На макушке Хали-кара время тянется не так, как в долине. Здесь каждый день похож на другой, каждая ночь – повторение предыдущей. И последующей. Здесь всё просто и не требует разъяснений: роса пахнет водой, солнце освещает мир, тень отдает сыростью, полуденный стрекот цикад навевает сон – не-долгий, но каменно-беспробудный. Очнулся – и не разберешь, сколько проспал: час или век.
– Асатур, ай Асатур! – зовет старенькая бабушка Саломэ.
У Асатура вишневые глаза, торчащие круглые ушки, кудрявая макушка. За пазухой – горсть алычи, в кармане – головастики. На чердаке у него тайник: несколько ржавых гаек, ключ, который не подходит ни к одному замку, складной нож, моток лески, самодельная блесна, немного карбида – на все случаи жизни. Ну и стащенная у старшей сестры резинка для волос – надо будет еще придумать, на что ее пустить.
– Асатур, ай Асатур! – надрывается старенькая бабушка Саломэ. – Ты куда подевался?
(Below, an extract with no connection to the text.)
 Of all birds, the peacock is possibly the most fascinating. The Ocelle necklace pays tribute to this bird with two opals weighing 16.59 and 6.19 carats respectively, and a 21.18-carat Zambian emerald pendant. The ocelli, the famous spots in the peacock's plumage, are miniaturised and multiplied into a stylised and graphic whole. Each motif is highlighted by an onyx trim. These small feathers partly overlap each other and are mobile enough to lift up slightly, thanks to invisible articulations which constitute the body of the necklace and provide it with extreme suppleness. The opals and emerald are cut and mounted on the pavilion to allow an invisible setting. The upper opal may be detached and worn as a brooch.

Асатур прячется в сарае. Бабушка высматривает его, приложив ладонь козырьком ко лбу. Сарай тщательно обходит взглядом. Она немного похожа на пирата: концы косынки стянуты узлом на затылке, подол длинного платья колышет ветер, край фартука заправлен за пояс. Собралась за женгялом – разнотравьем. На ужин будет женгялов хац – лепешки с зеленью.
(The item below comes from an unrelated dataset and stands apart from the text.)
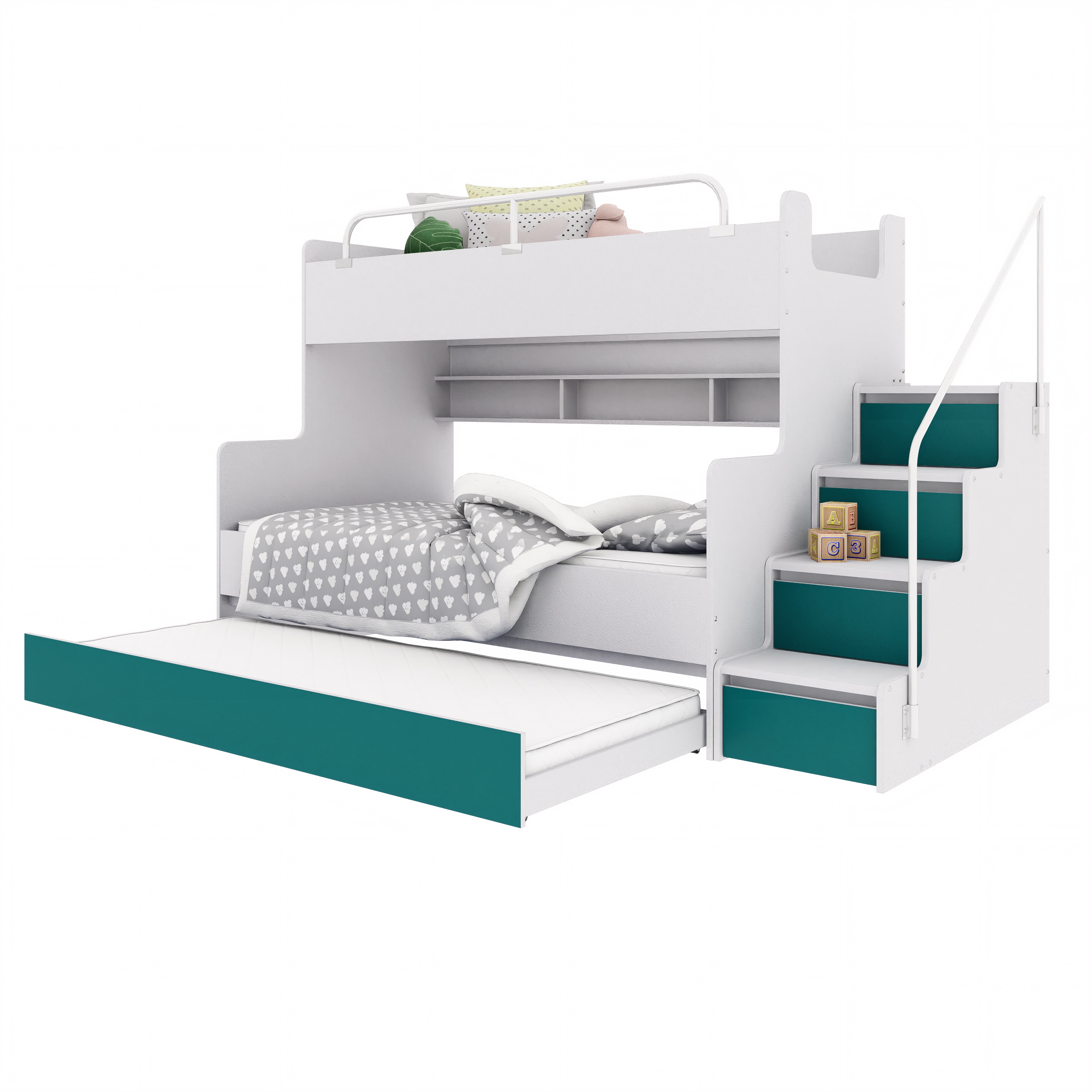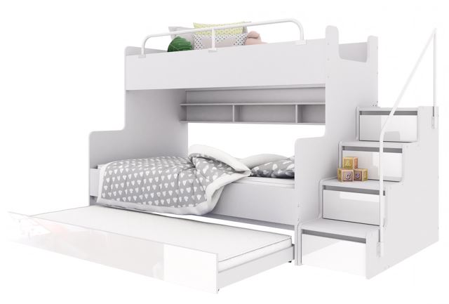 Łóżko piętrowe KIKI3 z dodatkowym spaniem to wszechstronny i funkcjonalny mebel, który doskonale odpowiada na potrzeby nowoczesnej dziecięcej lub młodzieżowej sypialni. Zaprojektowane z myślą o codziennym komforcie i estetyce, łączy wygodne miejsca do spania z praktycznymi rozwiązaniami do przechowywania. Solidna konstrukcja zapewnia bezpieczeństwo, a możliwość wyboru strony schodków ułatwia dopasowanie łóżka do każdego wnętrza. Wbudowane półki przy dolnym łóżku oferują miejsce na książki, zabawki i inne drobiazgi, które warto mieć pod ręką.

Не дозвавшись, она уходит. Асатур выбирается из своего укрытия, подкрадывается к частоколу, поднявшись на цыпочки, наблюдает, как бабушка ковыляет по пыльной деревенской дороге. Раз-два-три-четыре-пять-шесть-семь-восемь-девять… С силой толкнув калитку, он кричит: татииии, татиии, подожди меня!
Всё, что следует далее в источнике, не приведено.